*** Supplied records ***

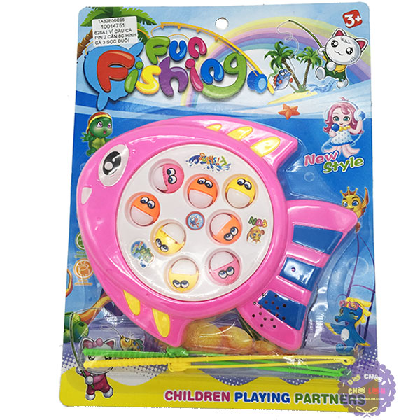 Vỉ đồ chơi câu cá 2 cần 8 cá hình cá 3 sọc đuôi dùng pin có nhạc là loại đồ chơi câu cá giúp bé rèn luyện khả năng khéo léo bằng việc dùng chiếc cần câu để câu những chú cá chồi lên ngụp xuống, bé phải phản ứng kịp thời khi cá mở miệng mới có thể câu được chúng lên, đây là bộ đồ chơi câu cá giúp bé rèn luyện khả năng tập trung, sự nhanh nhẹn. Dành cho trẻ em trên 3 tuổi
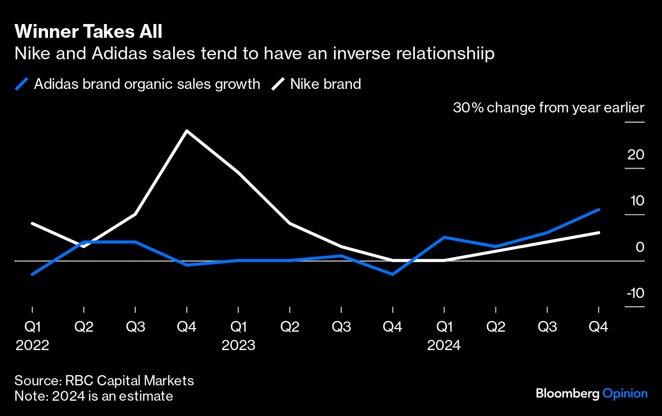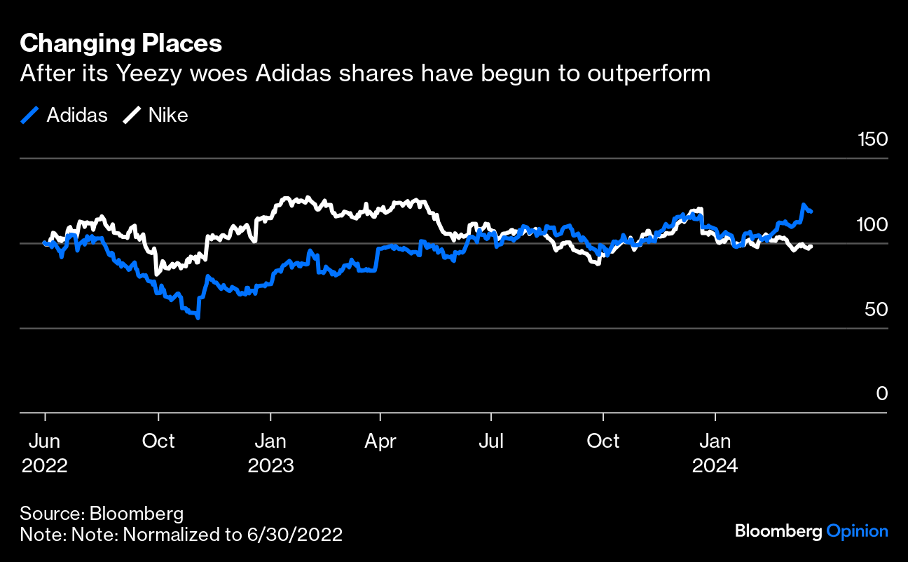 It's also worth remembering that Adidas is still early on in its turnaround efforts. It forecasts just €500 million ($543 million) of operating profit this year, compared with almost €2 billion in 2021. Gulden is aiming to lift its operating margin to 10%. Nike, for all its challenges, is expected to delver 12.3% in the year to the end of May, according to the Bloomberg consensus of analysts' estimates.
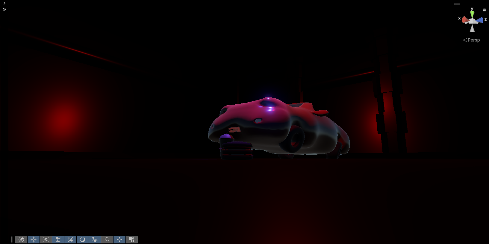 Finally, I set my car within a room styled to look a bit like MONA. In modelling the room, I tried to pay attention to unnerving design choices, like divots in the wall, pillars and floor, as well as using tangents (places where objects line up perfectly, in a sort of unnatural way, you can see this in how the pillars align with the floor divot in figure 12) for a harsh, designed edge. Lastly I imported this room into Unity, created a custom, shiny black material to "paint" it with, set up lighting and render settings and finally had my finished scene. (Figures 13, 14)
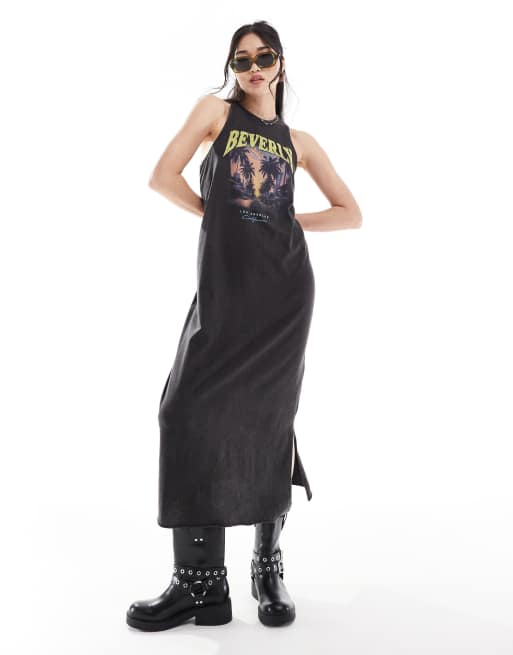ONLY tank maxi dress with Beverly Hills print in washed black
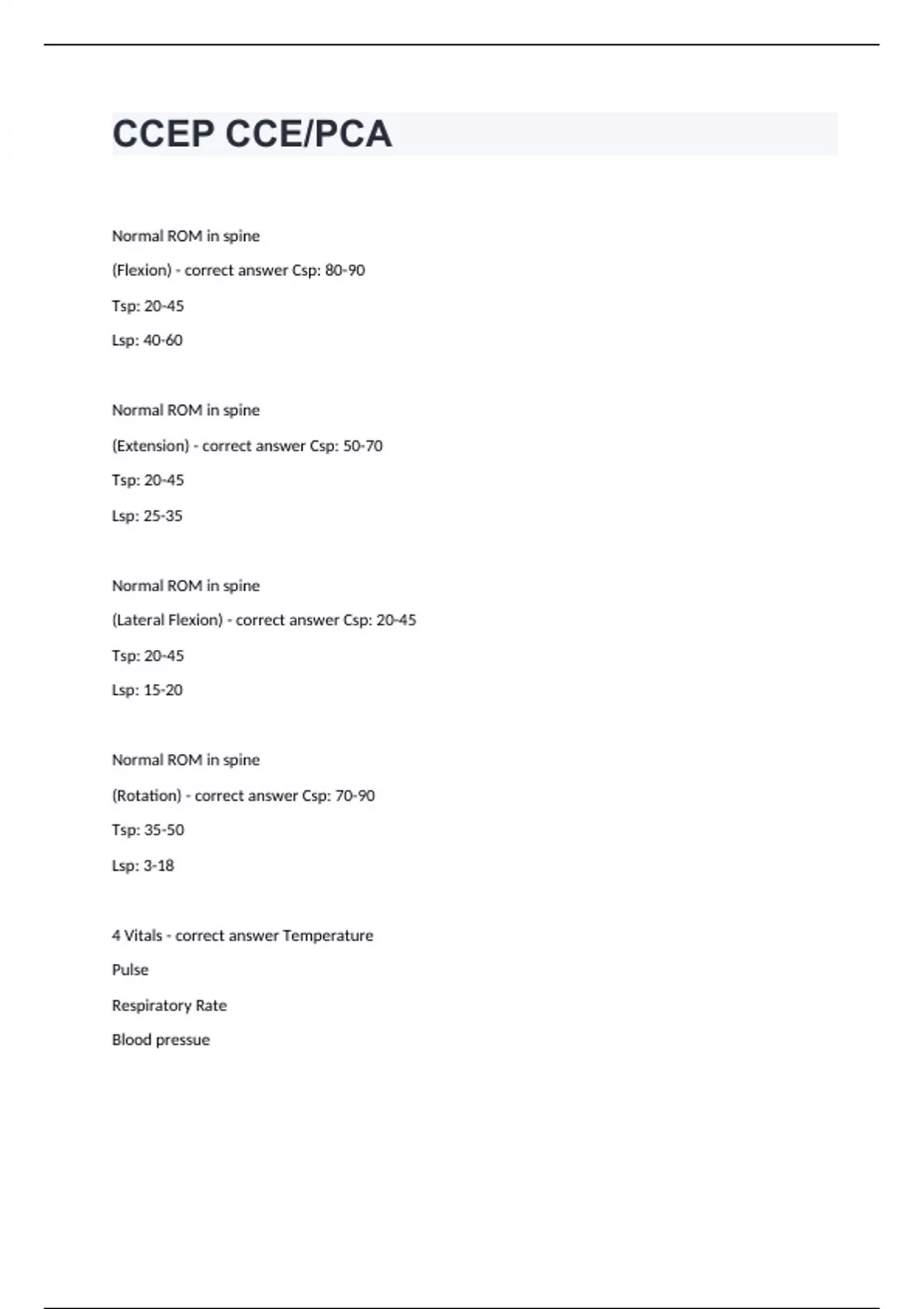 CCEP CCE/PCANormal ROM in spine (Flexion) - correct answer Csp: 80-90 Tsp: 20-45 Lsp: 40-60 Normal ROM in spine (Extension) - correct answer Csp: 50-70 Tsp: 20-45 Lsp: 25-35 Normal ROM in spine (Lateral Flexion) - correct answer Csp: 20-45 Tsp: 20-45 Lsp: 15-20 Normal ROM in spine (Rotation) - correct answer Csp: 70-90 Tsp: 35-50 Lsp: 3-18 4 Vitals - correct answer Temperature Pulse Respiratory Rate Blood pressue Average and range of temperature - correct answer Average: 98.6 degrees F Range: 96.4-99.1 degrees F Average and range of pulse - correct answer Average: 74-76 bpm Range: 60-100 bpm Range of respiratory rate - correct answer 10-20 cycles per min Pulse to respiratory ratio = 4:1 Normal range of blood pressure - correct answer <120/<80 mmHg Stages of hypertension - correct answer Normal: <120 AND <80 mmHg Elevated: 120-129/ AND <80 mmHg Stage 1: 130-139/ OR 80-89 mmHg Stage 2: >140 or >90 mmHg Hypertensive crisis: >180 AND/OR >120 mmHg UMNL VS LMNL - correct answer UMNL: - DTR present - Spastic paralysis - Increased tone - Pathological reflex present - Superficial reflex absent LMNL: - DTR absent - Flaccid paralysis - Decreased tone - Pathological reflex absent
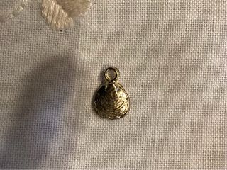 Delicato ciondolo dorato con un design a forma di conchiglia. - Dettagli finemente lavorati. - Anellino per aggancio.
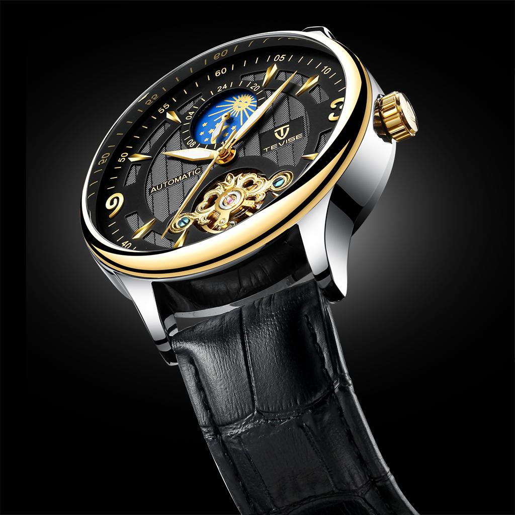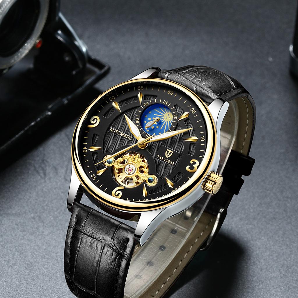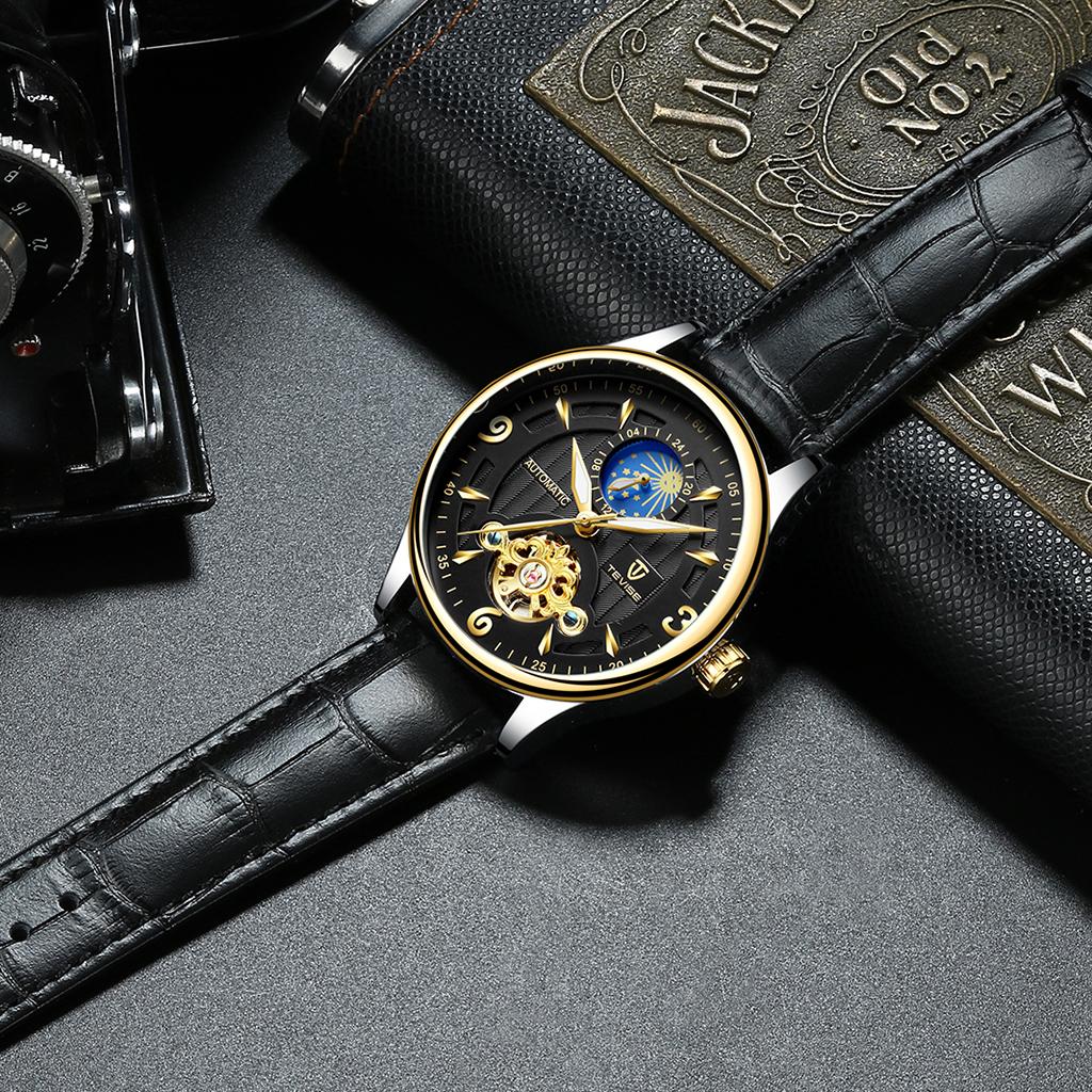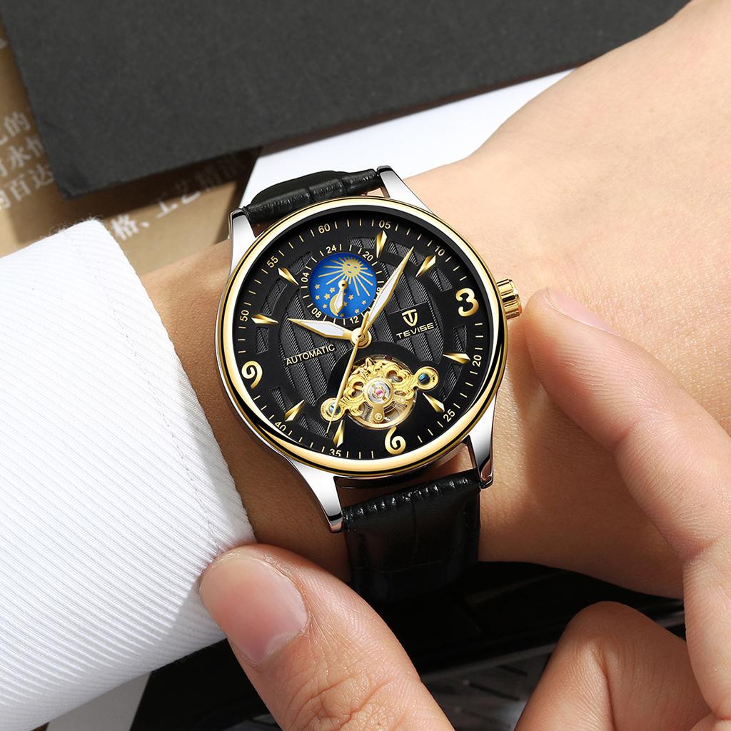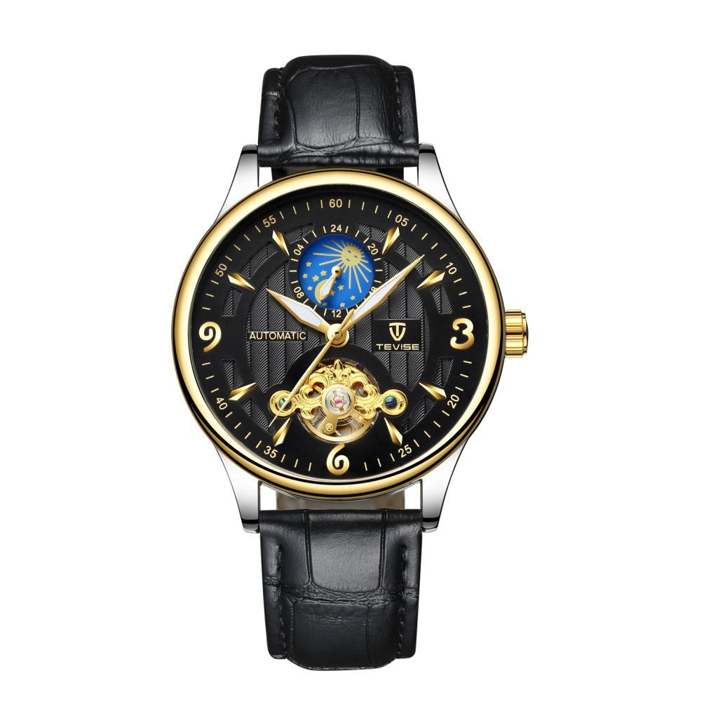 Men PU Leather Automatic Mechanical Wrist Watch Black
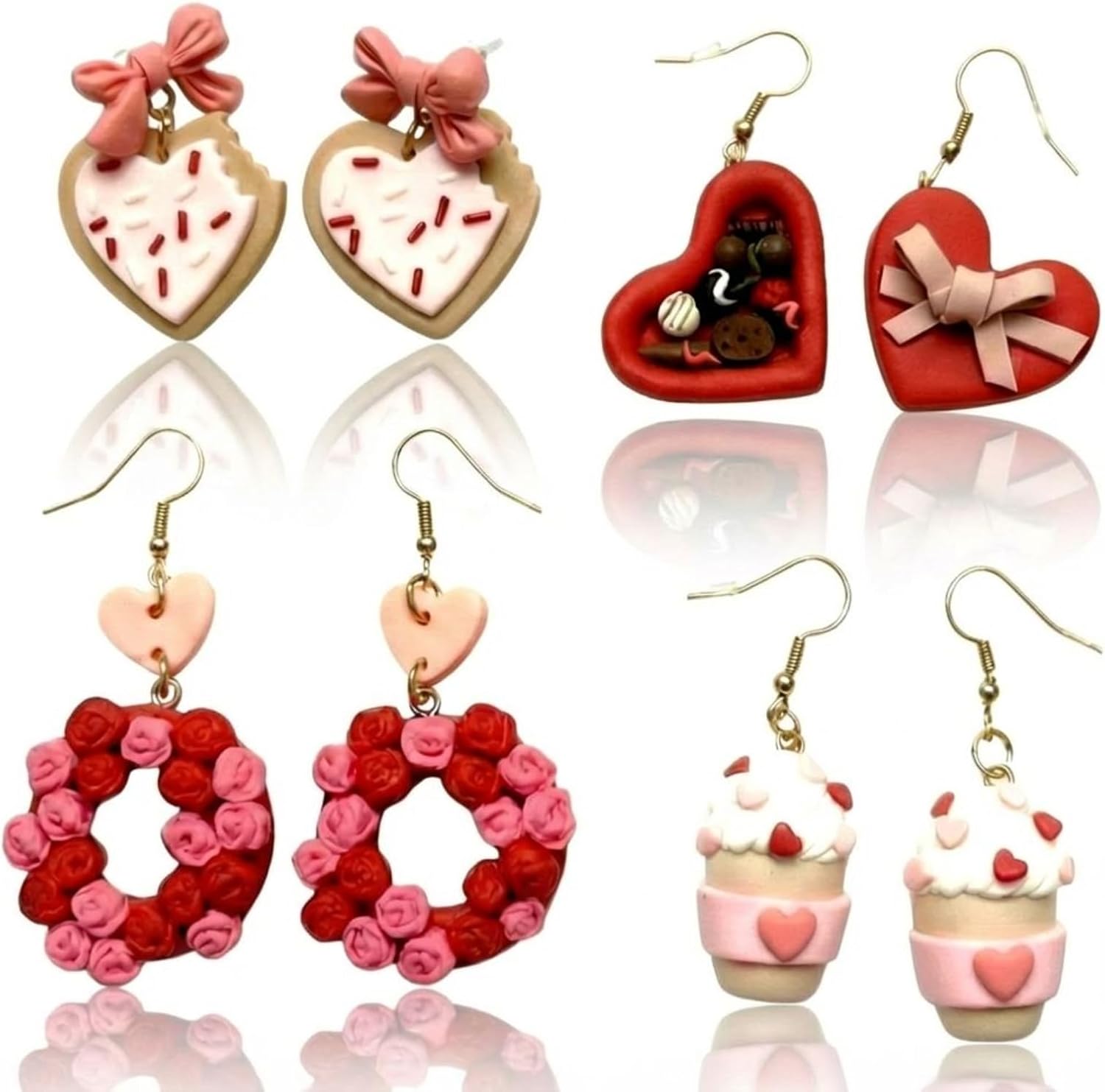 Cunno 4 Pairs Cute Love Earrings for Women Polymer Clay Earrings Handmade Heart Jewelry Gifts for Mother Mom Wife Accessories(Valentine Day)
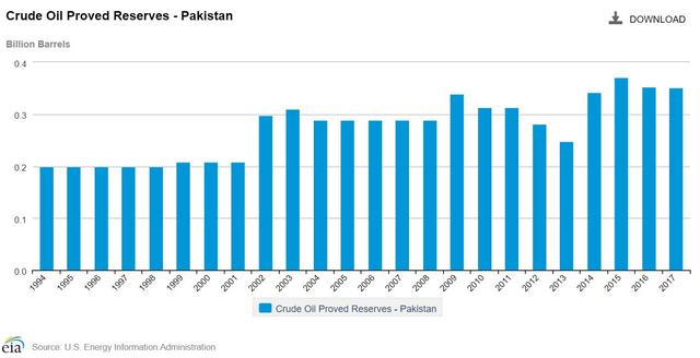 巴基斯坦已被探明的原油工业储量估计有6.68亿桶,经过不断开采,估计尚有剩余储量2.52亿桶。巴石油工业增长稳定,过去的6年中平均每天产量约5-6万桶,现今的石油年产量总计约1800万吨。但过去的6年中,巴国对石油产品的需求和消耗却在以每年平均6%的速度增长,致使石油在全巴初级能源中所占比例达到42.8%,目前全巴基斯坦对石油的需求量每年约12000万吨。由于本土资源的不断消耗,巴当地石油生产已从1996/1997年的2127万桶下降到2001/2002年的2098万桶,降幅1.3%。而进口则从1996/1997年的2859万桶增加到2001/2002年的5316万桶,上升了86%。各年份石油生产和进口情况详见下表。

*** End of Supplied records ***

*Aim of the exercise*.
The full listing, reproduced exactly and without pictures, is the expected output.

*Your solution*.
 Vỉ đồ chơi câu cá 2 cần 8 cá hình cá 3 sọc đuôi dùng pin có nhạc là loại đồ chơi câu cá giúp bé rèn luyện khả năng khéo léo bằng việc dùng chiếc cần câu để câu những chú cá chồi lên ngụp xuống, bé phải phản ứng kịp thời khi cá mở miệng mới có thể câu được chúng lên, đây là bộ đồ chơi câu cá giúp bé rèn luyện khả năng tập trung, sự nhanh nhẹn. Dành cho trẻ em trên 3 tuổi
 It's also worth remembering that Adidas is still early on in its turnaround efforts. It forecasts just €500 million ($543 million) of operating profit this year, compared with almost €2 billion in 2021. Gulden is aiming to lift its operating margin to 10%. Nike, for all its challenges, is expected to delver 12.3% in the year to the end of May, according to the Bloomberg consensus of analysts' estimates.
 Finally, I set my car within a room styled to look a bit like MONA. In modelling the room, I tried to pay attention to unnerving design choices, like divots in the wall, pillars and floor, as well as using tangents (places where objects line up perfectly, in a sort of unnatural way, you can see this in how the pillars align with the floor divot in figure 12) for a harsh, designed edge. Lastly I imported this room into Unity, created a custom, shiny black material to "paint" it with, set up lighting and render settings and finally had my finished scene. (Figures 13, 14)
ONLY tank maxi dress with Beverly Hills print in washed black
 CCEP CCE/PCANormal ROM in spine (Flexion) - correct answer Csp: 80-90 Tsp: 20-45 Lsp: 40-60 Normal ROM in spine (Extension) - correct answer Csp: 50-70 Tsp: 20-45 Lsp: 25-35 Normal ROM in spine (Lateral Flexion) - correct answer Csp: 20-45 Tsp: 20-45 Lsp: 15-20 Normal ROM in spine (Rotation) - correct answer Csp: 70-90 Tsp: 35-50 Lsp: 3-18 4 Vitals - correct answer Temperature Pulse Respiratory Rate Blood pressue Average and range of temperature - correct answer Average: 98.6 degrees F Range: 96.4-99.1 degrees F Average and range of pulse - correct answer Average: 74-76 bpm Range: 60-100 bpm Range of respiratory rate - correct answer 10-20 cycles per min Pulse to respiratory ratio = 4:1 Normal range of blood pressure - correct answer <120/<80 mmHg Stages of hypertension - correct answer Normal: <120 AND <80 mmHg Elevated: 120-129/ AND <80 mmHg Stage 1: 130-139/ OR 80-89 mmHg Stage 2: >140 or >90 mmHg Hypertensive crisis: >180 AND/OR >120 mmHg UMNL VS LMNL - correct answer UMNL: - DTR present - Spastic paralysis - Increased tone - Pathological reflex present - Superficial reflex absent LMNL: - DTR absent - Flaccid paralysis - Decreased tone - Pathological reflex absent
 Delicato ciondolo dorato con un design a forma di conchiglia. - Dettagli finemente lavorati. - Anellino per aggancio.
 Men PU Leather Automatic Mechanical Wrist Watch Black
 Cunno 4 Pairs Cute Love Earrings for Women Polymer Clay Earrings Handmade Heart Jewelry Gifts for Mother Mom Wife Accessories(Valentine Day)
 巴基斯坦已被探明的原油工业储量估计有6.68亿桶,经过不断开采,估计尚有剩余储量2.52亿桶。巴石油工业增长稳定,过去的6年中平均每天产量约5-6万桶,现今的石油年产量总计约1800万吨。但过去的6年中,巴国对石油产品的需求和消耗却在以每年平均6%的速度增长,致使石油在全巴初级能源中所占比例达到42.8%,目前全巴基斯坦对石油的需求量每年约12000万吨。由于本土资源的不断消耗,巴当地石油生产已从1996/1997年的2127万桶下降到2001/2002年的2098万桶,降幅1.3%。而进口则从1996/1997年的2859万桶增加到2001/2002年的5316万桶,上升了86%。各年份石油生产和进口情况详见下表。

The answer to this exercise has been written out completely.